• _Problem_
In the entries below, count every line containing "Post". Return the number and nothing else.

──────── Records for this task ────────

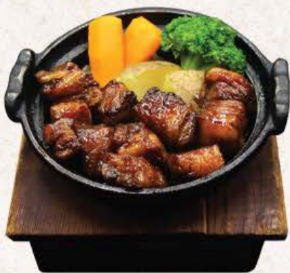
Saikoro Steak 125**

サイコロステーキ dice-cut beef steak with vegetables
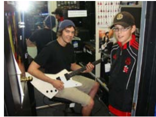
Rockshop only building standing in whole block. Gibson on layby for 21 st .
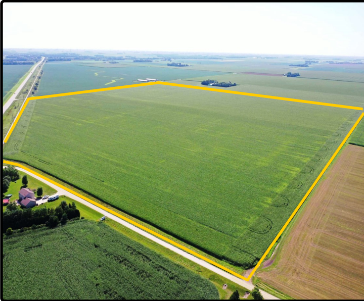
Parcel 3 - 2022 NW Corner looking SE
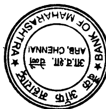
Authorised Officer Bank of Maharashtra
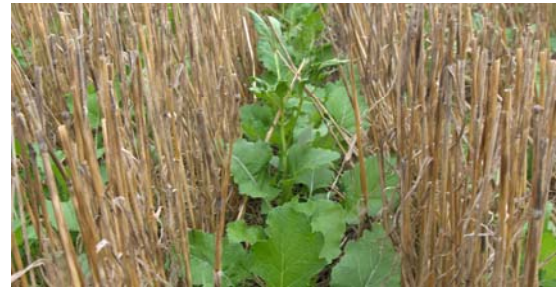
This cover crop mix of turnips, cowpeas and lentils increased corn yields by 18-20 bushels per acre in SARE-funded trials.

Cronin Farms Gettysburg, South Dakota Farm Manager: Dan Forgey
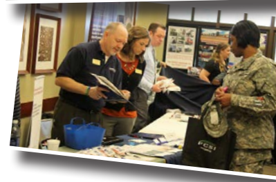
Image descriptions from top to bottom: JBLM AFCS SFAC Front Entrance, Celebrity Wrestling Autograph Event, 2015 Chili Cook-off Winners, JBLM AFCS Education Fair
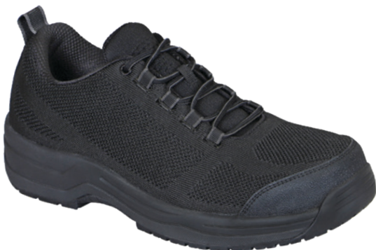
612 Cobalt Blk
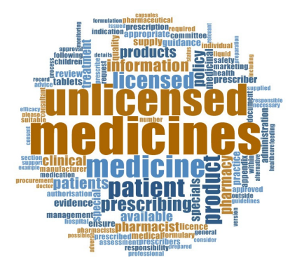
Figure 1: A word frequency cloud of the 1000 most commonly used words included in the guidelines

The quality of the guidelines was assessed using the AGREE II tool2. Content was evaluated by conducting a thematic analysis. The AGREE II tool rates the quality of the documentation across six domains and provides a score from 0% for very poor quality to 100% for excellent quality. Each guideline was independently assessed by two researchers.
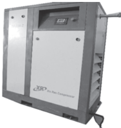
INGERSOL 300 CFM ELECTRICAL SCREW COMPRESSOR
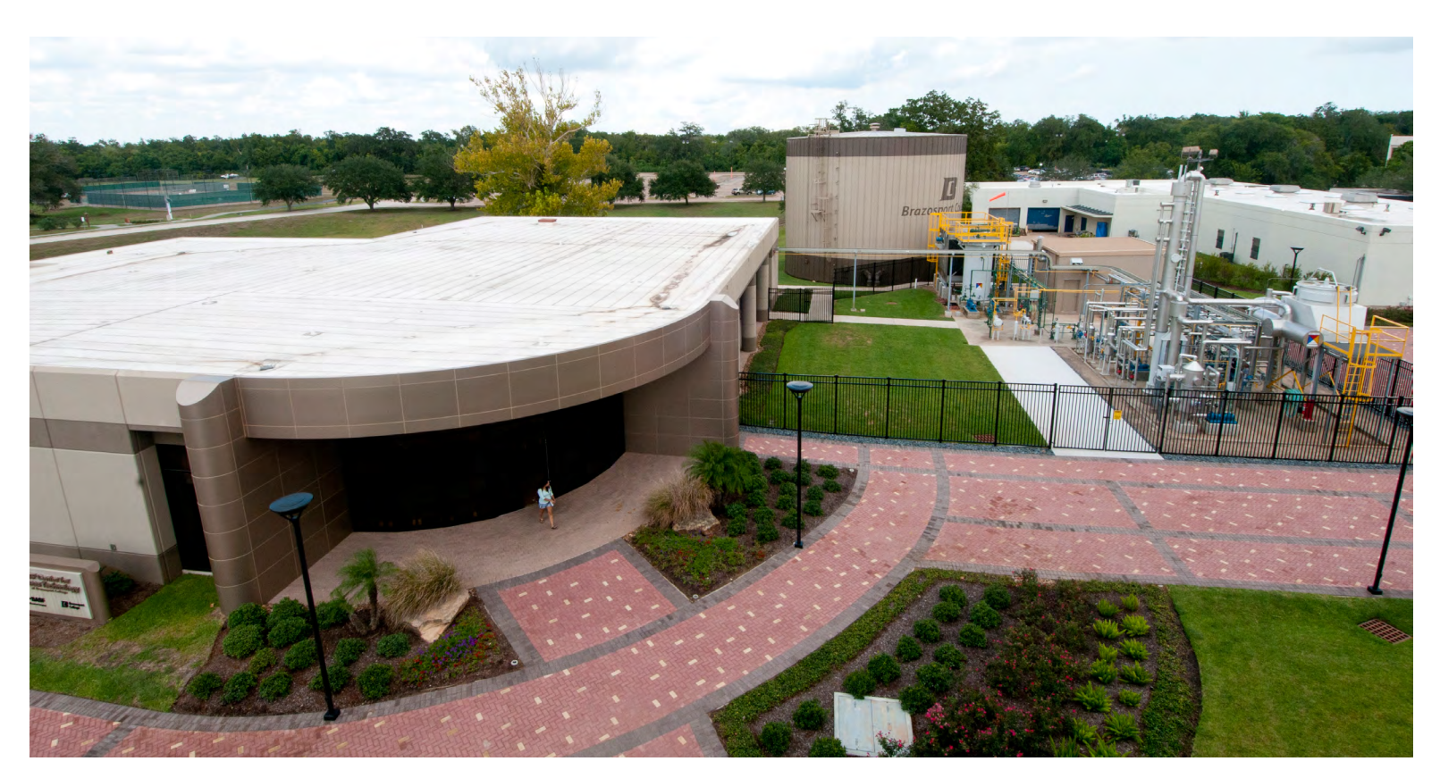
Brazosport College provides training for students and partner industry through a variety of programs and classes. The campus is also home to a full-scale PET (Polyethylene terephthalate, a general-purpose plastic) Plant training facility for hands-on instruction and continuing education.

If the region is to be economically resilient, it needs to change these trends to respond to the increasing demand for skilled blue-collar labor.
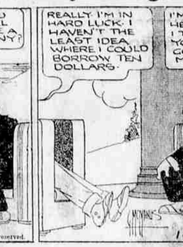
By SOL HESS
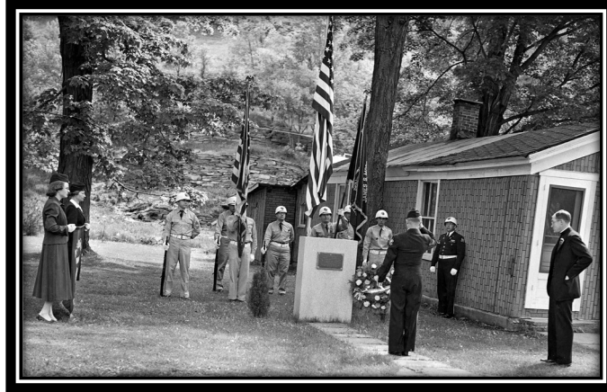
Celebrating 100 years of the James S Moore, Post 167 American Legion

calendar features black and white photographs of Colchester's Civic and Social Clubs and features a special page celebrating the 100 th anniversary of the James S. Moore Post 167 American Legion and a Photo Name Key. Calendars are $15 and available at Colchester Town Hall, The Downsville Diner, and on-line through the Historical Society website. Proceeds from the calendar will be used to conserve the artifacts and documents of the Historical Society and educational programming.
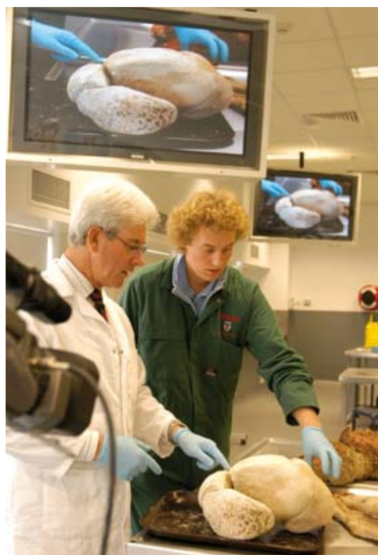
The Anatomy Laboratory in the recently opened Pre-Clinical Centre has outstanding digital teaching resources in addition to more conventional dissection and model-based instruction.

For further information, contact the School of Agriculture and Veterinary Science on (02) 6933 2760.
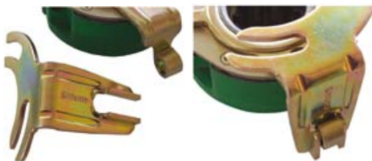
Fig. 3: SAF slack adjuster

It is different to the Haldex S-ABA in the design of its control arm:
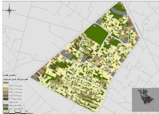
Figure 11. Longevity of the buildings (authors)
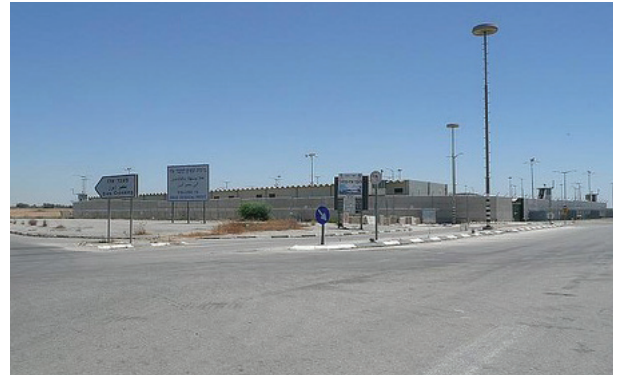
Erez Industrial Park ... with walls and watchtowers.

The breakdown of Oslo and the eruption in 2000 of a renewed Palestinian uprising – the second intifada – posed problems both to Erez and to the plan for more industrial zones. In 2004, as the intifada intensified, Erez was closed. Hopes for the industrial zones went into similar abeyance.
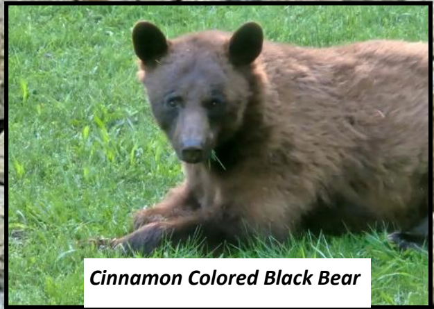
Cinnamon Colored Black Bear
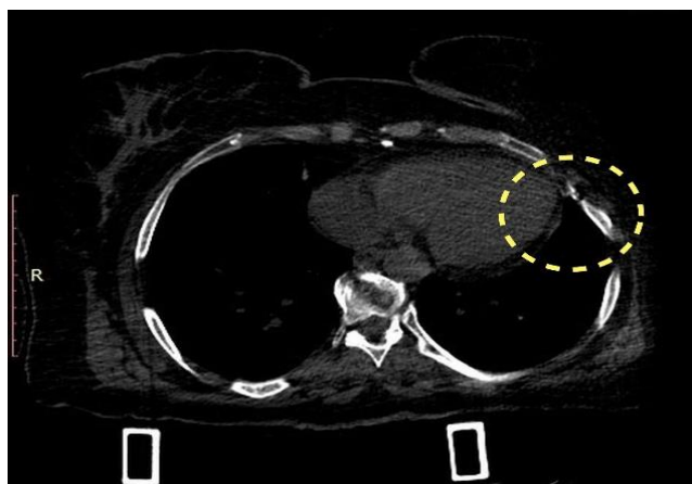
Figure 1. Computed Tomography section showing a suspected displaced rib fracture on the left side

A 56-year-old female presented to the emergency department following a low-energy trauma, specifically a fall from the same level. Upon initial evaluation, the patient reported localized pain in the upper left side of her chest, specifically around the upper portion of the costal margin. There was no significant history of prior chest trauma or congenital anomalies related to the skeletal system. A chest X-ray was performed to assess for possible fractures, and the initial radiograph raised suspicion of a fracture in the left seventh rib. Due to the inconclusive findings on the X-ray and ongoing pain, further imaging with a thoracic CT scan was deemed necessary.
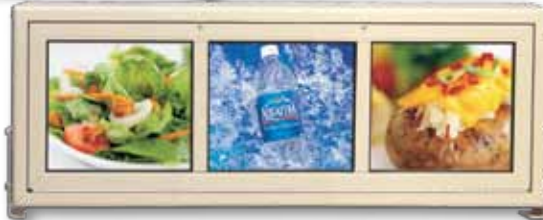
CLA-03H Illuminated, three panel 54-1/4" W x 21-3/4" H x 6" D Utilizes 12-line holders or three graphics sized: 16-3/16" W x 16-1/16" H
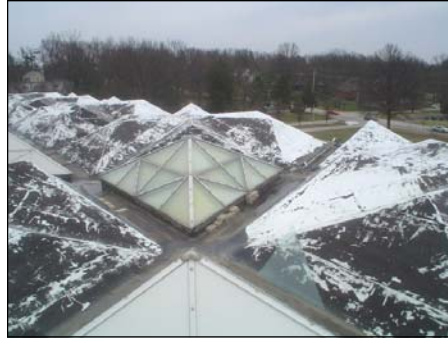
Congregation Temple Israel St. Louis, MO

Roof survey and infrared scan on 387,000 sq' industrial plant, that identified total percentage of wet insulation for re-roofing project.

────────

• _Result of this task_
2